Using the mechanism outlined above a user can send a service request for transaction with contract specified as a sender and user specified as a cosigner (with any appropriate witness scope). Contract backend monitoring the network can see the request and based on its logic either complete it by providing contract's signature (thereby sponsoring it) or not.

[roman-khimov]

Update based on one problem noticed an hour after the post. Waiting for feedback otherwise.

Amendment №1
As "1 out of N" verification contract may be dangerous in presence of malicious notaries additional restrictions should be applied (implemented in the verify method):

• Notary contract signer could only have "None" witness scope.
• transactions with this signer must have "notary assisted" attribute
• if Notary address is a sender a check should be made that there exists another signer and that this signer has enough balance on his account

[shargon]

We can create a new message type, incomplete message, type, content and current signatures. Then it's possible to create a plugin in order to collect the specific messages an relay them. But how to prevent the spam? i think that it will be better to do that with a smart contract, they will pay for use the network.

[roman-khimov]

We can create a new message type, incomplete message, type, content and current signatures. Then it's possible to create a plugin in order to collect the specific messages an relay them. But how to prevent the spam?
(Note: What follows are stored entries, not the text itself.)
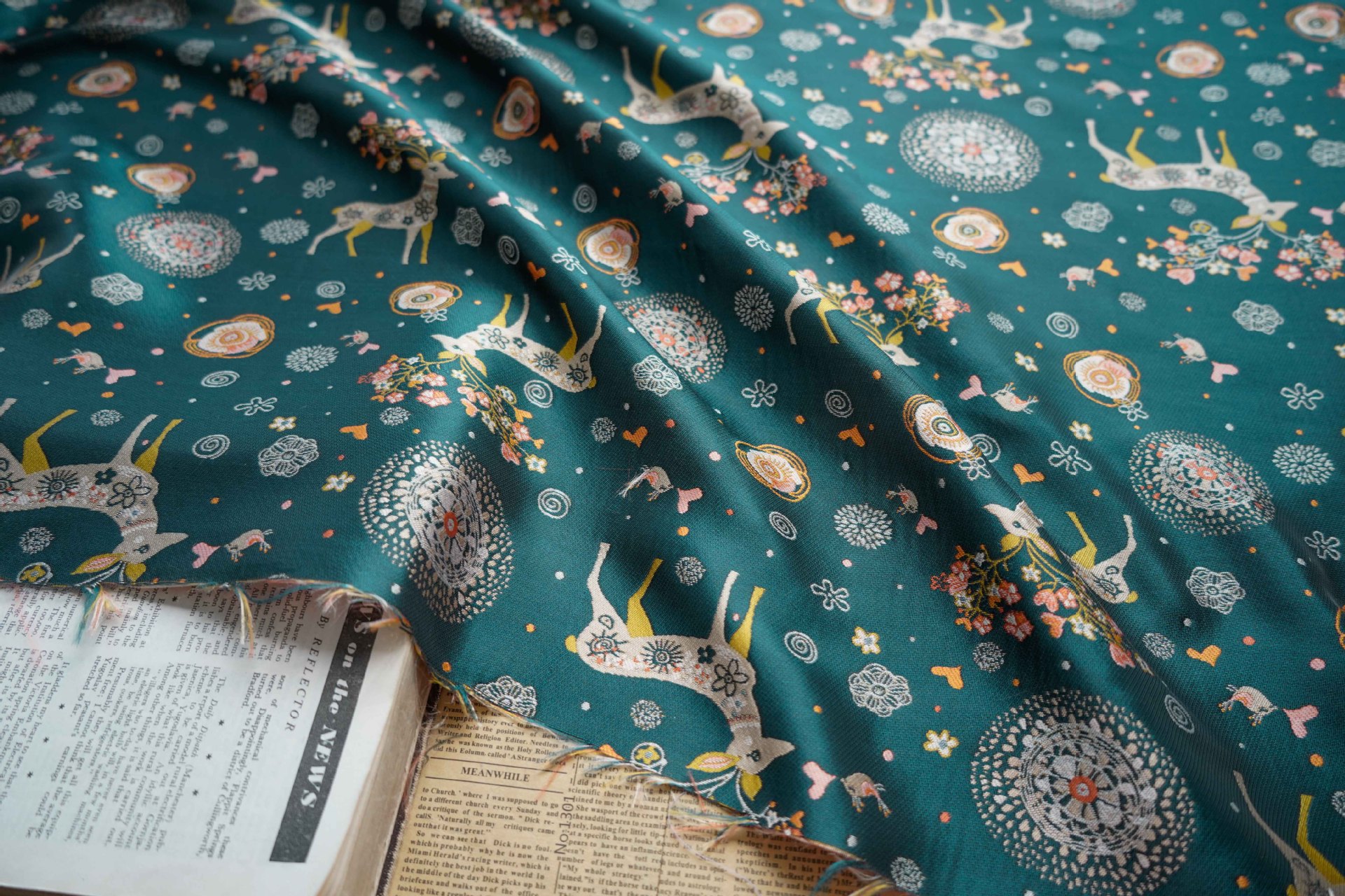 다크 그린 새끼 사슴 원사 염색 자카드 원단 여성 의류 가을과 겨울 유화 감각 원피스 크리스마스 옷 꽃 꽃다발 장식 직물스토어 가기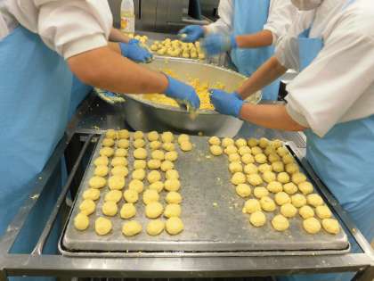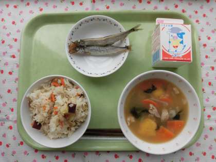 給食ではかぼちゃ入りの白玉団子でお月見団子汁を作りました。かぼちゃを蒸してつぶし白玉粉と混ぜ、一つ一つ丁寧に丸めました。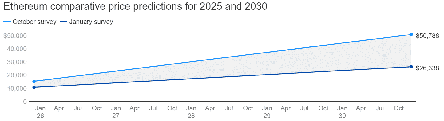Aj napriek nedávnemu poklesu sa 33 austrálskych kryptografických expertov zo spoločnosti Finder vyjadrilo, že Ethereum môže tento rok dosiahnuť až 7 609 USD. Zaujímavosťou je, že najnovšie predpovede spoločnosti na rok 2025 a 2030 boli o 30 až 48 % nižšie ako predikcie z októbra minulého roka.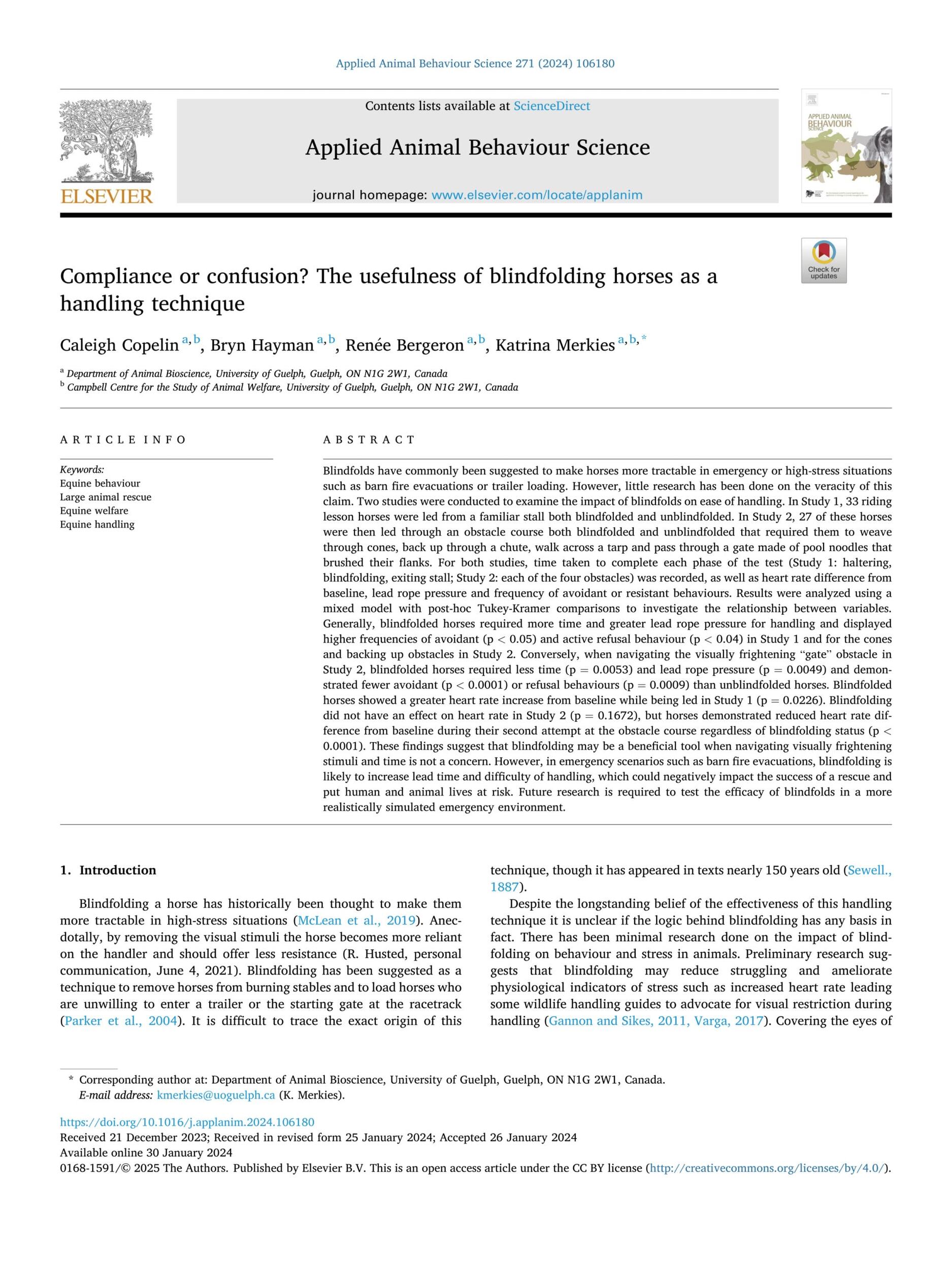 - Copelin. C. et al., Compliance or Confusion? The Usefulness of Blindfolding Horses as a Handling Technique. Applied Animal Behaviour Science. 2024.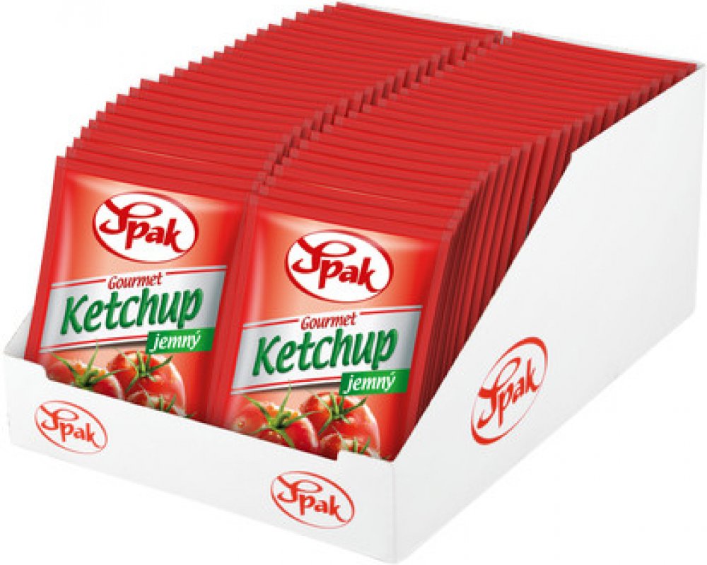 Cena se může v jednotlivých regionech lišit. -- Kečup vyroben z rajčat zrajících na jižním slunci,150 g rajčat na 100 g kečupu. 50ks kečupu v hygienickém jednorázovém balení. Kečup pochází z Číny z konce 17. století. Tehdy slovo ke-čjap/ketsiap označovalo směs nakládaných ryb a koření. Rajčata jako základ se začala používat až o sto let později. Jak se kečup rozšiřoval, rozšiřovaly se i ingredience, a tak se ve směsi nalezly také houby. Ořechy či ančovičky. O značce Spak – požitek pro pravé labužníky. Základ každého výrobku značky Spak je kvalitní zpracování, excelentní chuť a důraz i na ty nejmenší detaily. Značka je odrazem nejen chutných produktů, ale i nejlepších surovin, díky kterým může značka nabídnout bohatý sortiment nejen pro rodinu, ale i jednotlivce.
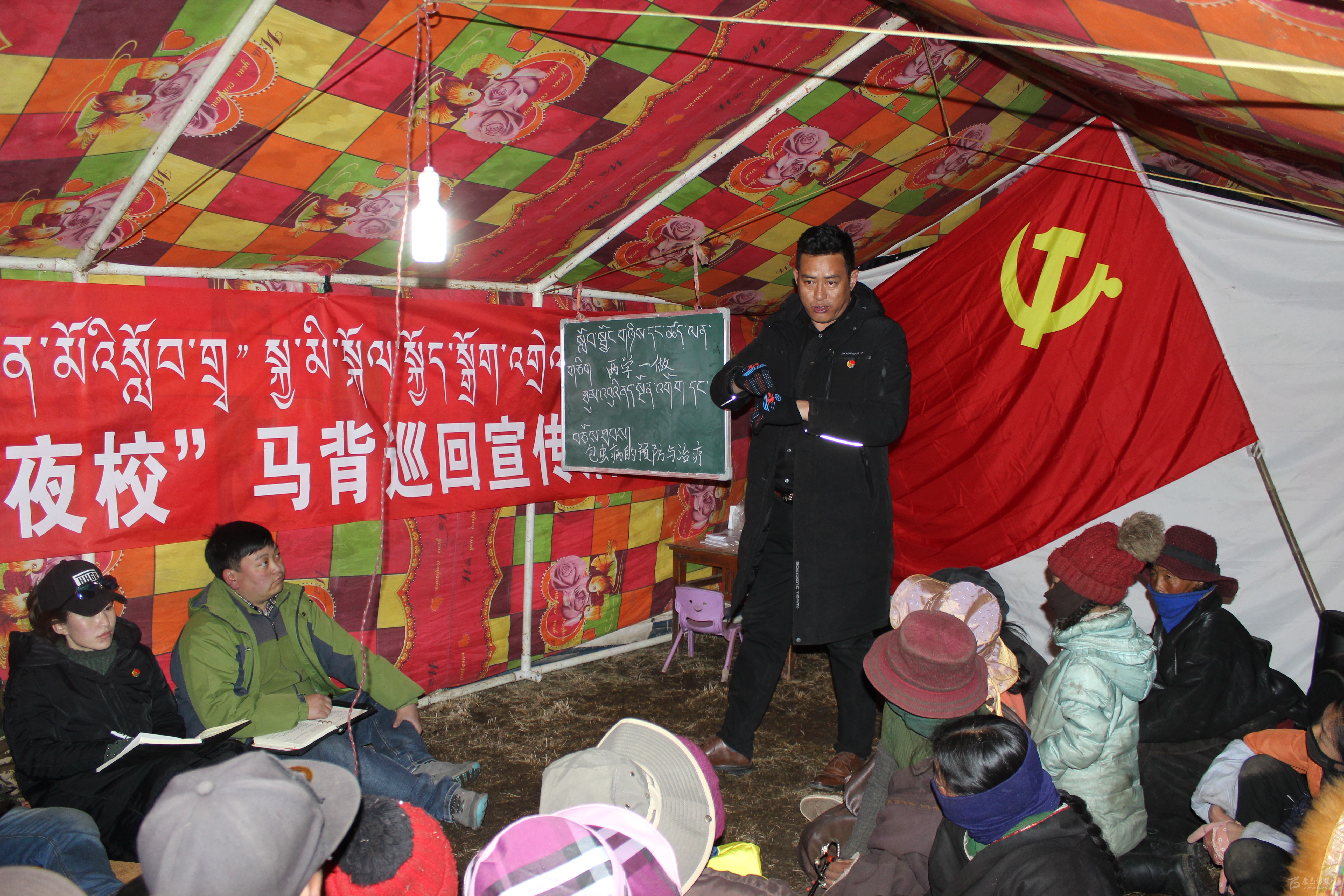 宣講隊白天在海拔近5000米的蟲草采挖點宣講,晚上又組織蟲草采挖點的群眾開辦 “農牧民帳篷夜校”, 將“農牧民帳篷夜校”作為“強基層、強基礎、聚人心、聚才智”的重要舉措,采用藏漢雙語宣講、現身說法、播放教育片等方式,向農牧民群眾宣傳基層黨建、精準扶貧、包蟲病綜合防治、安全生產等,切實把“農牧民帳篷夜校”辦成農牧民快速提升能力的平臺,將課堂帶進帳篷,將知識帶上雪山。同時,該鎮還充分利用現代信息手段,整合有效資源,建立色須鎮“農牧民帳篷夜校”微信課堂。按照“以點帶面、以面蓋片”的傳播方式,向廣大農牧民群眾及時宣講各項惠民惠農政策。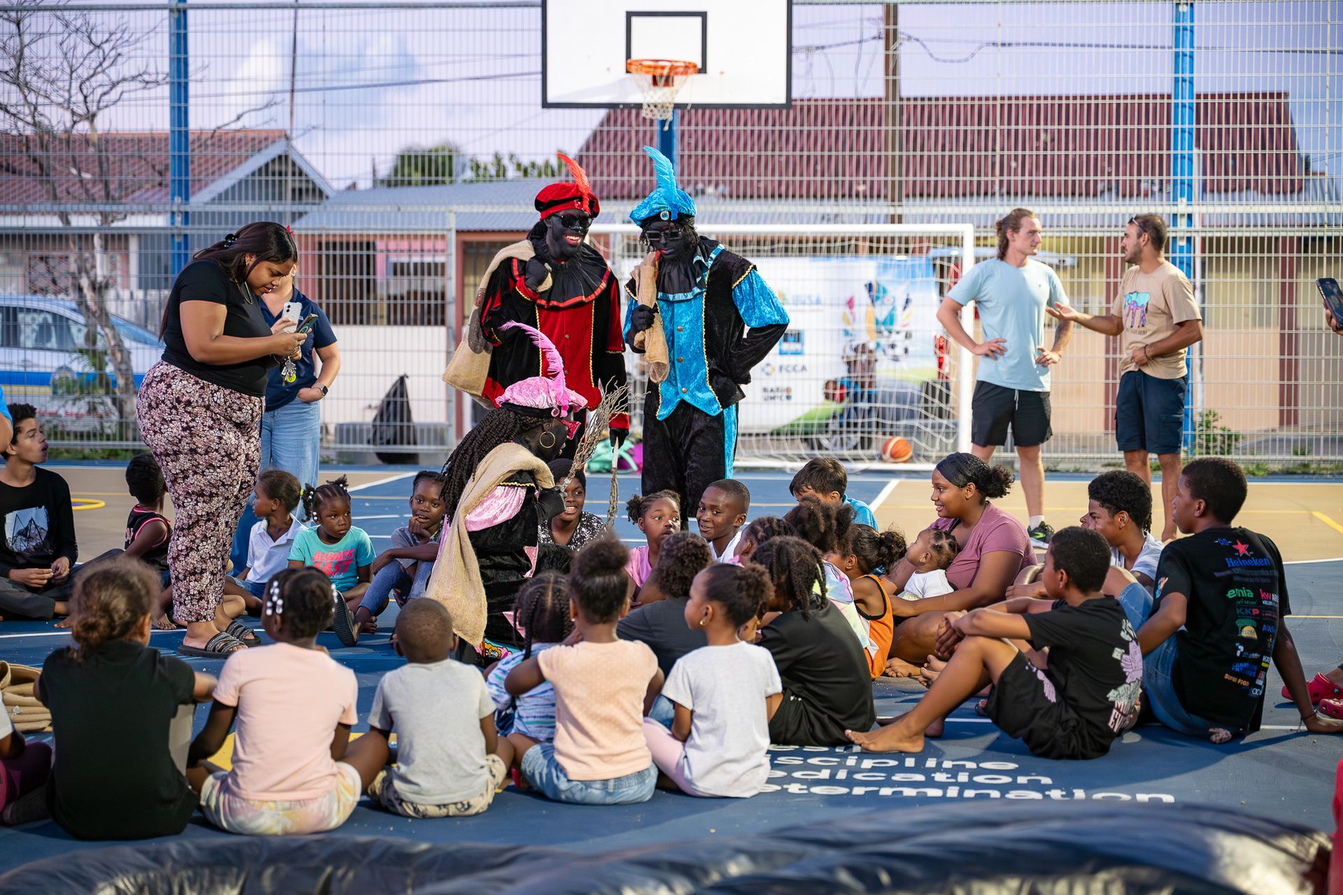 Closing events vary from movie watching to friendly matches with KPA, to a WAW day with Sint and Piet, a day for friendly basketball matches, days mixed with sports, entertainment and fun activities for kids and youth. Some extra events were created for days such as international rights of children day, on this day CEDE ARUBA – BARIO UNICO together with its partners IBiSA, FCCA and KPA, made sure to remind all kids of their rights, while giving them small bags filled with pamphlets, information and snacks (sponsorships from: El Louvre Witec, UNHCR, CEDE ARUBA).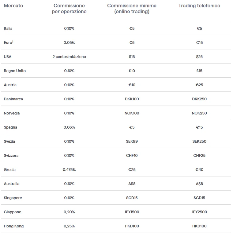 Le commissioni di IG vengono applicate solo sui CFD su azioni: la commissione è diversa a seconda del mercato di riferimento.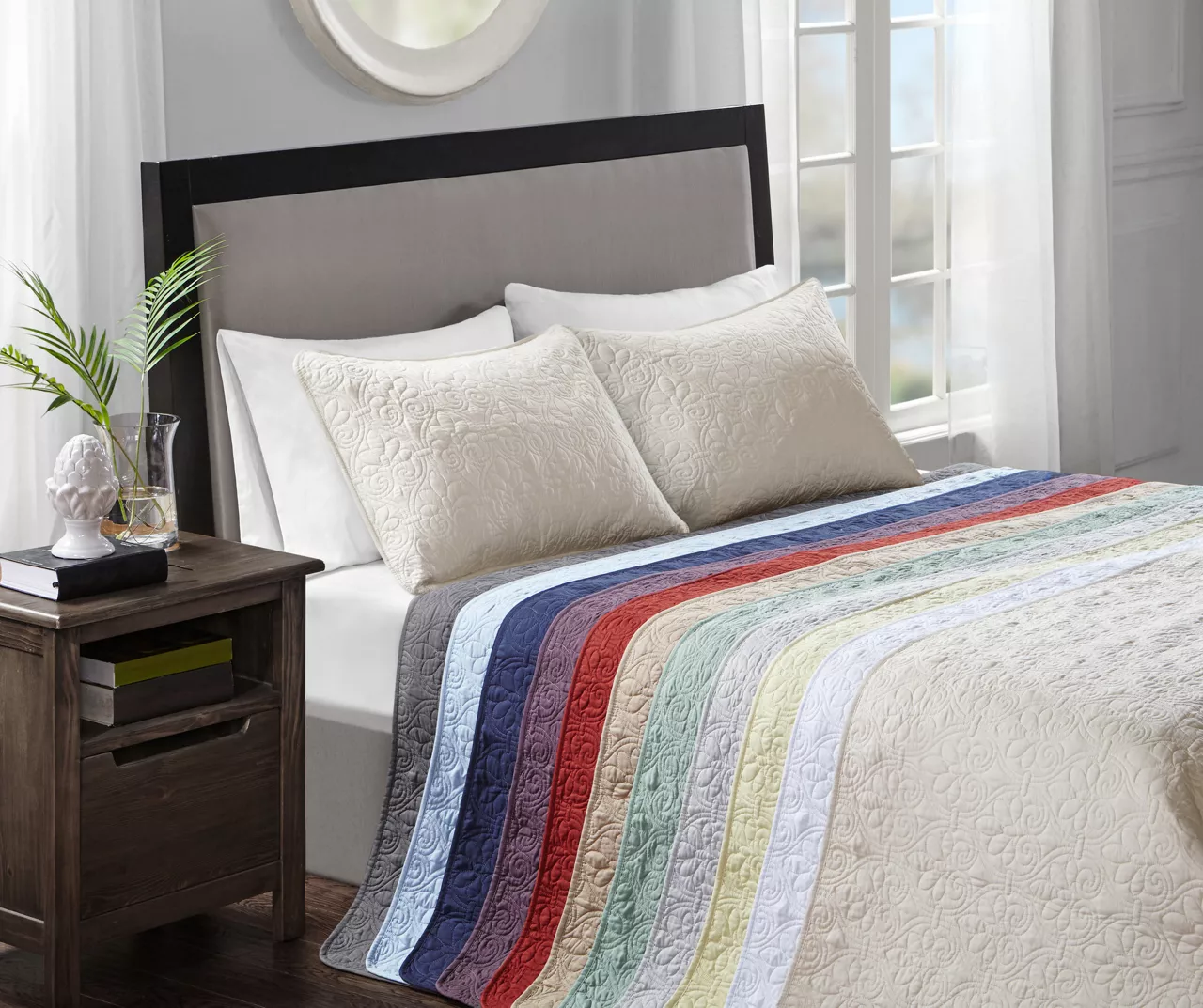The Vancouver bedspread set offers a charming cottage-inspired update to your bedroom. The reversible bedspread and sham flaunt a classic stitch pattern that creates a rich depth and texture on the face of the bedding set. Prewashed cotton filling provides added comfort and durability, while the oversized dimensions allow the bedspread to drape better. The bedspread also has an antimicrobial treatment that helps provide built-in freshness protection to keep fabric lasting longer.

Yeah, that's one of the key problems here, it's not hard to make a new broadcasted message, but it needs to be limited somehow because otherwise it's trivial to flood the network. At the moment we broadcast transactions, blocks and consensus payloads. Blocks can only be collectively signed by CNs, as long as BFT number of CNs follow the protocol it's not a problem. Consensus payloads are signed by CNs individually, that's a bit more tricky, a rogue CN can at the moment send lots of consensus payloads without any real restriction, but usually CNs don't do that and even if some would try doing so it'd be quickly detected and acted upon. Transactions are limited by sender's GAS, that works fine too, sending lots of transactions has some cost to it.

While we can theoretically accept incomplete transactions into mempool (some special part of it) and use the same GAS locking as for ordinary transactions, we'll get some variation of #1527 problem and the problem of transactions never completing signature collection (it can be mitigated, but still).

So that's where this native contract deposit scheme with fallbacks comes from.

And IMO it also shows how various P2P services can be provided in a safe manner with the result being pushed to the chain (#1584, cough). The very early draft even specifically had generic "service request" and "service attribute" things introduced, but it was decided to not overcomplicate this for now and concentrate on one specific service. We can extend it in the future, of course.

i think that it will be better to do that with a smart contract, they will pay for use the network.

Going through the chain for each signer?

[vncoelho]

We could just have a new attribute that says incomplete transaction and a specific verification script (as always).
Nodes would map in their mempool those TXs and, if possible, broadcast a merged one.
That would save load on consecutive peers.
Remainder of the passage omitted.